Сергей Леонидович явно признавал. Он сидел прямо, не касаясь спинки стула своей уютной полной спиной, повесив голову, и очень самокритично морщил лоб. У Татьяны Николаевны вид был уж совсем испуганный — съежившаяся, маленькая, нахохленная, постаревшая от испуга лет на десять. У Феденьки повязан новый галстук скучного кирпичного цвета. Он с любопытством оглядывал кабинет, в котором был, наверное, первый раз. Феденька ничего не боялся. Старшие лаборанты, машинистки, нянечки, дворники и уборщицы не боятся никого и ничего. Начальство приходит и уходит, жесточайшие реорганизационные штормы треплют учреждения, разрывая в клочки штатные расписания, а эти люди взирают на людскую суету с недоступной прочим смертным мудростью Экклесиаста.
Иван Никандрович особо посмотрел на своего заместителя.
— Мне бы хотелось выслушать ваше Мнение, Григорий Павлович, — сказал директор Эмме, явно желая разделить с ним ответственность за наше легкомыслие.
— Вы же знаете мое мнение, Иван Никандрович, — неожиданно твердо сказал Эмма. — Я могу лишь повторить его. Я считаю, что мы не можем и не должны даже пытаться разрешить все те сложнейшие проблемы, которые возникли в связи с созданием э… э… этого аппарата.
— Но что вы предлагаете конкретно? — с легчайшим нетерпением спросил Иван Никандрович.
— Я считаю, — сказал Эмма, — что следует обратиться к академическому начальству с просьбой решить вопрос о передаче э… э… этого аппарата.
— Как это передать? — вдруг распрямилась Татьяна Николаевна. — Как это передать? — Татьяна задышала, как дышат боксеры в перерыве между вторым и третьим раундами. — Это как продавали крепостных…
— Татьяна Николаевна! — негромко, но строго прикрикнул Сергей Леонидович. — Не забывайте, где вы находитесь!
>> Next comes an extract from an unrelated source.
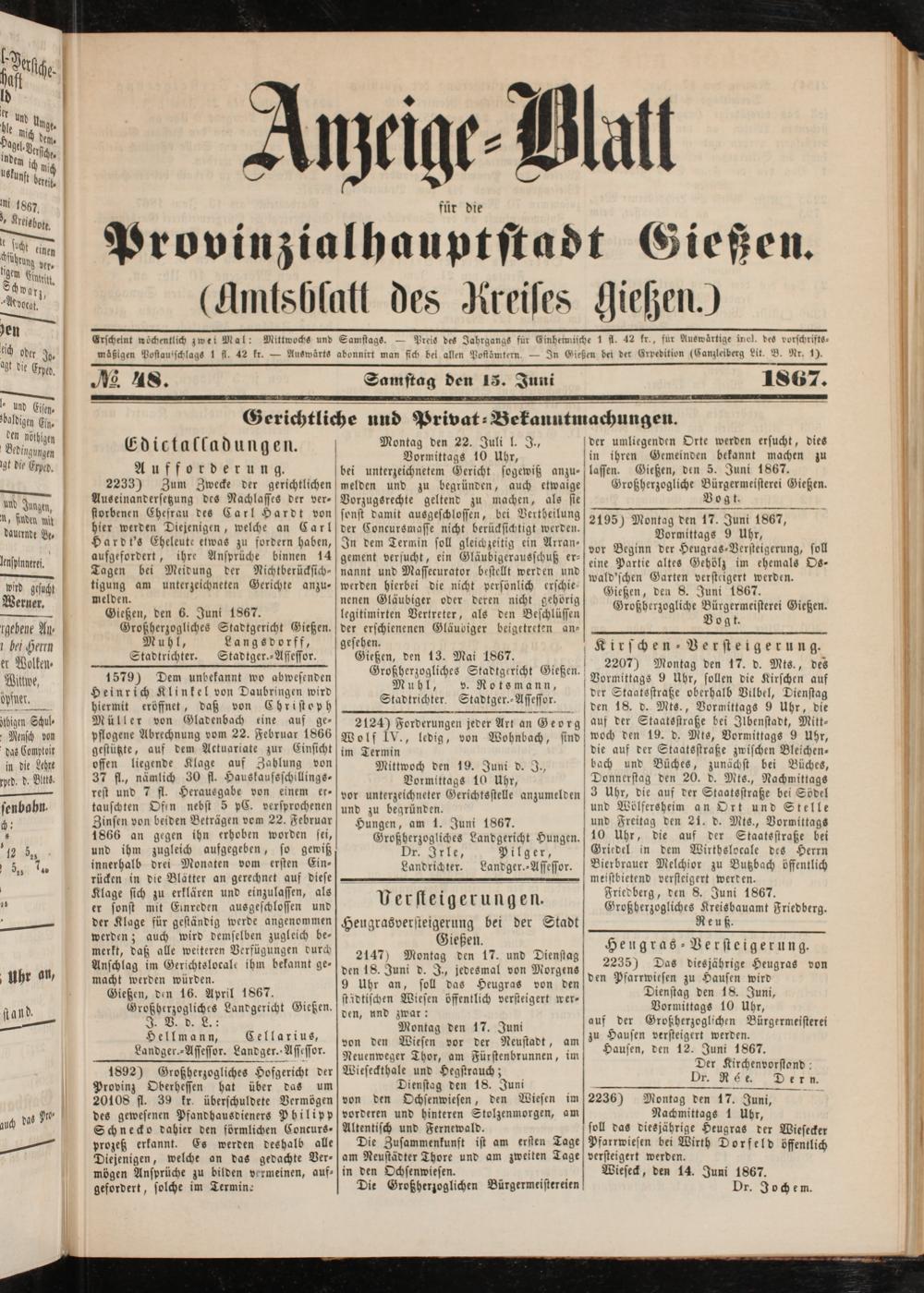 Anzeigeblatt für die Provinzialhauptstadt Gießen. 1840-1867

— Отчего же, отчего же, — со зловещей вежливостью сказал Иван Никандрович, — кого же еще сравнивать с Салтычихой, как не руководство института?
Вы, возможно, спросите у меня: как же так, человек, больше всех привязанный к Яше, сидит в кабинете и спокойненько фиксирует, кто как держит руки, кто как качает или кивает головой. Отвечу. Я ощущал в эти минуты полнейшее спокойствие, даже некую отрешенность. И не потому, что судьба Яши была мне безразлична. Просто я знал, что никогда ни при каких обстоятельствах не оставлю его, что буду защищать его. Как я вам уже, по-моему, рассказывал, я трусоват по натуре, но если трус переступает через свой страх, он не боится ничего.
Сергей Леонидович вытер платком лоб — на этот раз он был действительно покрыт испариной — и сказал:
— Видите ли… я нахожусь как бы в двойственном качестве. С одной стороны, я принимал участие в создании Яши и эмоционально привязан к нему. С другой — как заведующий лабораторией и лицо ответственное, я не могу не думать о репутации и судьбе института… — Сергей Леонидович замолчал. Пауза затягивалась. Вот-вот она должна была лопнуть. И лопнула.
— Мы очень благодарны вам за интересное сообщение о двойственности вашего положения, — со старомодным вежливым сарказмом сказал нашему завлабу директор, и мне показалось, что ему понравилась собственная реплика. — Но хотелось бы услышать и нечто более существенное. Другими словами, что делать с вашим Яшей?
Я смотрел на Сергея Леонидовича и видел на его лице борение двух его сторон, почти непристойное в своей обнаженности. Я немножко знаю его, нашего завлаба, и понимал, что происходит в его душе: как, как угадать? Как сказать то, что ждет от тебя начальство, и сохранить при этом хотя бы капельку самоуважения и более или менее либеральную репутацию? Ах эти двойственные натуры, ах эти с одной и с другой стороны, нелегко живется им на том свете! То ли дело Эмма! Эмма не имеет ни двойственности натуры, ни натуры. Центр тяжести расположен у него низко, где то ниже спины, и он, как ванька-встанька, никогда не теряет равновесия. Повалить его практически невозможно.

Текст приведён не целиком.